Monday, March 1, 2010

Perspective

In life we are taught to expect the unexpected and always be prepared. Sometimes, the unexpected sucker punches you in the stomach and takes your breath away. This week we learned that Boudreaux has cancer. Sunday we were playing as normal, Monday morning she could not even get off her bed. It's hard to explain the feeling that encompasses you when you think about such a large part of your life extinguishing without notice. Luckily, with the medicine she is taking, she is much more like her old 'Boudini the Great' self.
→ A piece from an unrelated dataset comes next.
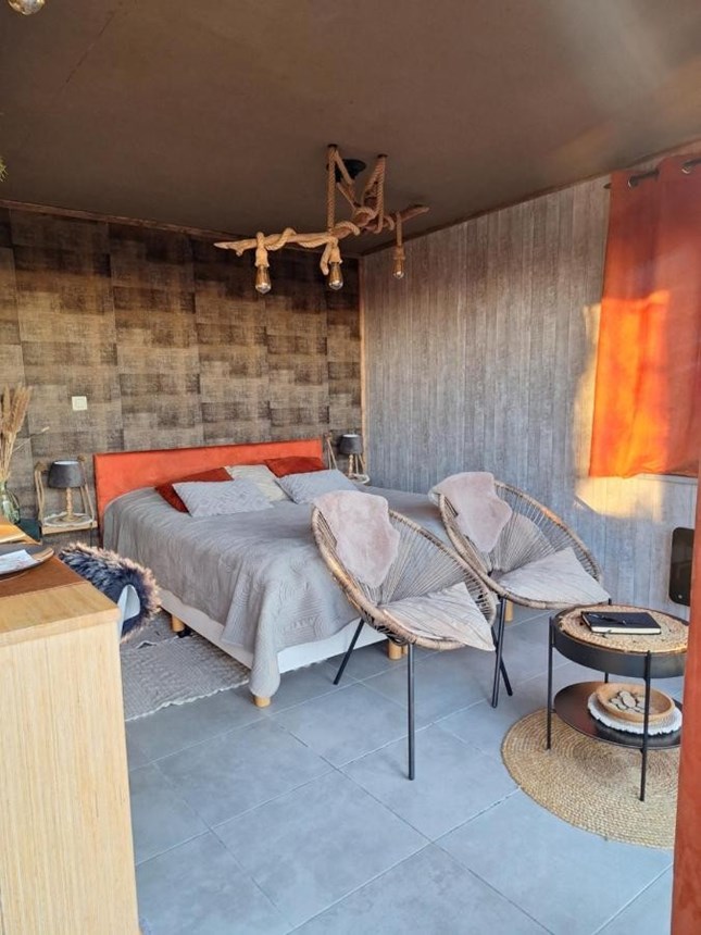 Cynthia est une hôte chaleureuse et à l’écoute, qui met un point d’honneur à accueillir chaque voyageur avec une attention toute particulière. Chez Temps 1solite, tout est pensé pour lâcher prise : pas de vaisselle, pas de tracas, Cynthia s’occupe de tout. Soutenue par son mari menuisier, qui donne vie à chacune de ses idées, elle a façonné un lieu à son image. En franchissant la porte, on entre dans un véritable cocon, soigneusement imaginé, dont on n’a plus envie de repartir.
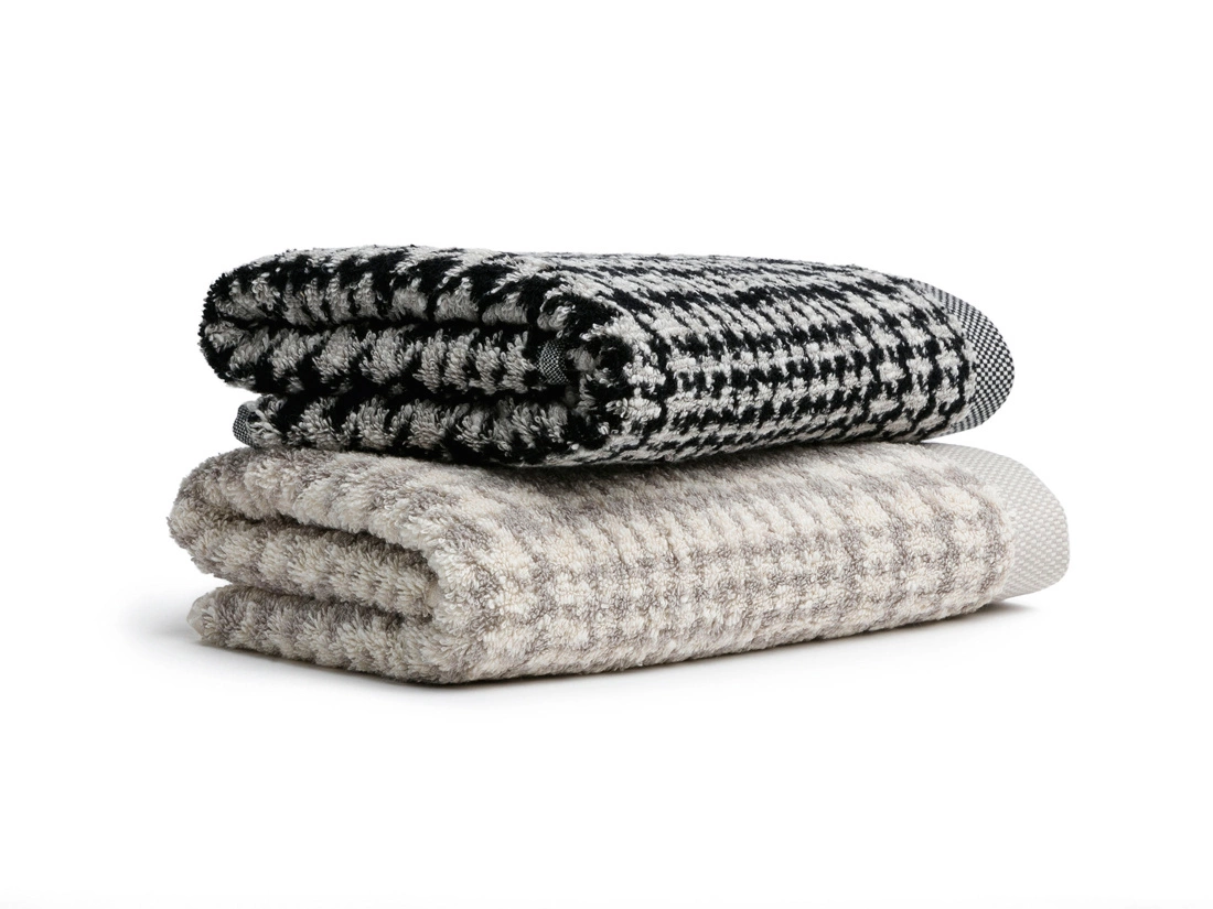 Ponadczasowa kolekcja ręczników Brooklyn Glenchech w kolorze beżowym. Ponadczasowy wzór glencheck, intrygująca struktura materiału - boucle połączona z ekskluzywnym połączeniem bawełny, wiskozy i lnu.

We continue to pray and enjoy every single moment with her. She is truly the best.

These days seem to pass like a blur. Last weekend, I ventured over to McAllen to take my certification test. After four hours, everything ran together. I somehow managed to pass it with a little help from above. This week has been a whirlwind with the TAKS. Yesterday may have quite possibly been the most stressful day of my life. For six hours, I could only watch the students from my chair in the front of the class and circulate the room every ten minutes. I could not read, write, or do anything other than monitor. There's a specific script to follow and you can not say anything other than that. The kids can't talk all day, even at lunch- which left them on the brink of explosion by 3 p.m...Not to worry, they made up for it today. During the test, in my hours of time, I prayed for each one of them that they might remember all they'd learned and not be nervous. In the midst of it all, I began to wonder just how many of those students know the Lord. Do they go to church? Are they taught the Bible? Do they believe? In a country where our ability to minister as the Lord has called us to do has been taken away from us in the public schools, how could I reach them for Him? I continue to mull that over.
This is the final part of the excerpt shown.